Mecaru, dilihat dari tingkat kebutuhannya terbagi
dalam:
·
Nista ~ untuk keperluan kecil, dalam lingkup
keluarga tanpa ada peristiwa yang sifatnya khusus (kematian dalam keluarga,
melanggar adat dll)
·
Madya ~ selain dilakukan dalam lingkungan
kekerabatan/banjar (biasanya dalam wujud tawur kesanga, juga wajib dilakukan
dalam keluarga dalam kondisi khusus, pembangunan merajan juga memerlukan caru
jenis madya
·
Utama ~ dilakukan secara menyeluruh oleh segenap
umat Hindu (bangsa) Indonesia
Biasanya ayam berumbun (tri warna?) digunakan
sebagai pelengkap panca sata, urutan penempatan caru (madya) panca sata adalah
sebagai berikut:
·
Timur = Purwa: ayam warna putih, dengan urip 5.
·
Selatan = Daksina: ayam warna merah (biing),
dengan urip 9.
·
Barat = Pascima: ayam warna kuning (putih
siungan) , dengan urip 7.
·
Utara = Uttara: ayam warna hitam (selem), dengan
urip 4.
·
Tengah = Madya: ayam warna brumbun, dengan urip
8.
Dalam kitab Samhita Swara disebutkan, arti kata
caru adalah cantik atau harmonis. Mengapa upacara Butha Yadnya itu disebut
caru. Hal itu disebabkan salah satu tujuan Butha Yadnya adalah untuk
mengharmoniskan hubungan manusia dengan alam lingkunganya.
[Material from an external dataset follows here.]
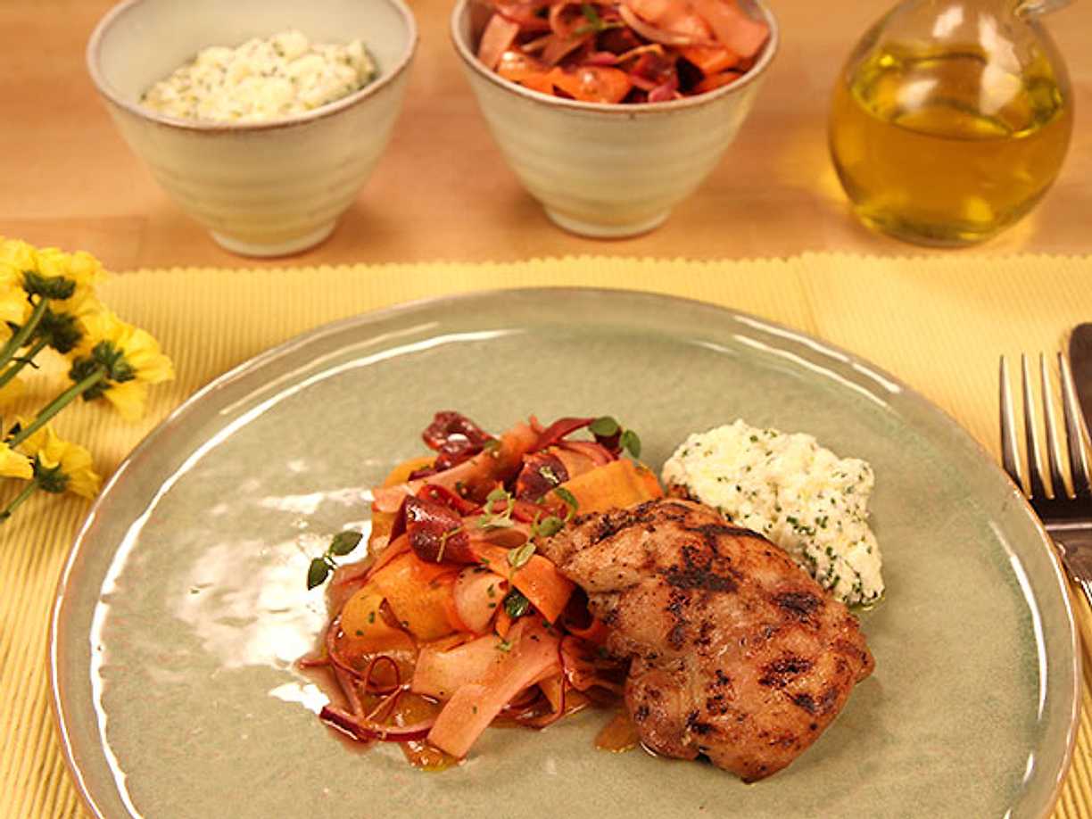 Gotländsk morotssallad med grillad kycklingfilé och fåroströra

Dalam kitab Sarasamuscaya 135 disebutkan, bahwa
untuk menjamin terwujudnya tujuan hidup mendapatkan Dharma, Artha, Kama dan
Moksha, terlebih dahulu harus melakukan Butha Hita. Butha Hita artinya
menyejahtrakan alam lingkungan. Untuk melakukan Butha Hita, itu dengan cara
melakukan Butha Yadnya. Hakekat Butha Yadnya itu adalah menjaga keharmonisan
alam agar alam itu tetap sejahtra. Alam yang sejahtera itu artinya alam yang
cantik.
Caru, dalam bahasa Jawa-Kuno (Kawi)
artinya : korban (binatang), sedangkan ‘Car‘ dalam bahasa Sanskrit
artinya ‘keseimbangan/keharmonisan’. Jika dirangkaikan, maka dapat diartikan :
Caru adalah korban (binatang) untuk memohon keseimbangan dan keharmonisan.
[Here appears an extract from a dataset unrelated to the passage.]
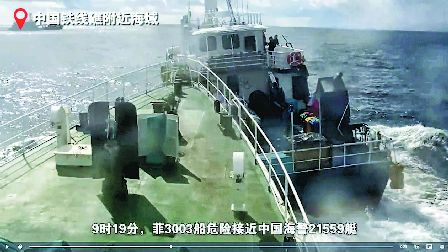 中国海警局新闻发言人刘德军昨日表示,菲律宾3002、3003号公务船当天未经中国政府允许,非法闯入中国南沙群岛铁线礁附近海域。上午9时19分,菲3003船无视中方多次严正警告,危险接近中方正常维权执法的海警21559艇,导致发生擦碰,责任完全在菲方。

‘Keseimbangan/keharmonisan’ yang dimaksud adalah
terwujudnya ‘Tri Hhita Karana’ yakni
1. keseimbangan
dan keharmonisan hubungan manusia dengan Tuhan (parahyangan),
2. sesama
manusia (pawongan), dan
3. dengan
alam semesta (palemahan).
Bila salah satu atau lebih unsur-unsur
keseimbangan dan keharmonisan itu terganggu, misalnya : pelanggaran
dharma/dosa, atau merusak parahyangan (gamia-gamana, salah timpal, mitra
ngalang, dll), perkelahian, huru-hara yang merusak pawongan, atau bencana alam,
kebakaran dll yang merusak palemahan, “patut diadakan pecaruan”.
Kenapa dalam pecaruan dikorbankan binatang ?
Binatang terutama adalah binatang
peliharaan/kesayangan manusia, karena pada mulanya, justru manusia yang
dikorbankan. Jadi kemudian berkembang bahwa manusia digantikan binatang
peliharaan. Penggunaan binatang ini sangat menentukan nama dan tingkatan banten
caru tersebut. Misalnya caru Eka Sata menggunakan ayam brumbun atau lima warna.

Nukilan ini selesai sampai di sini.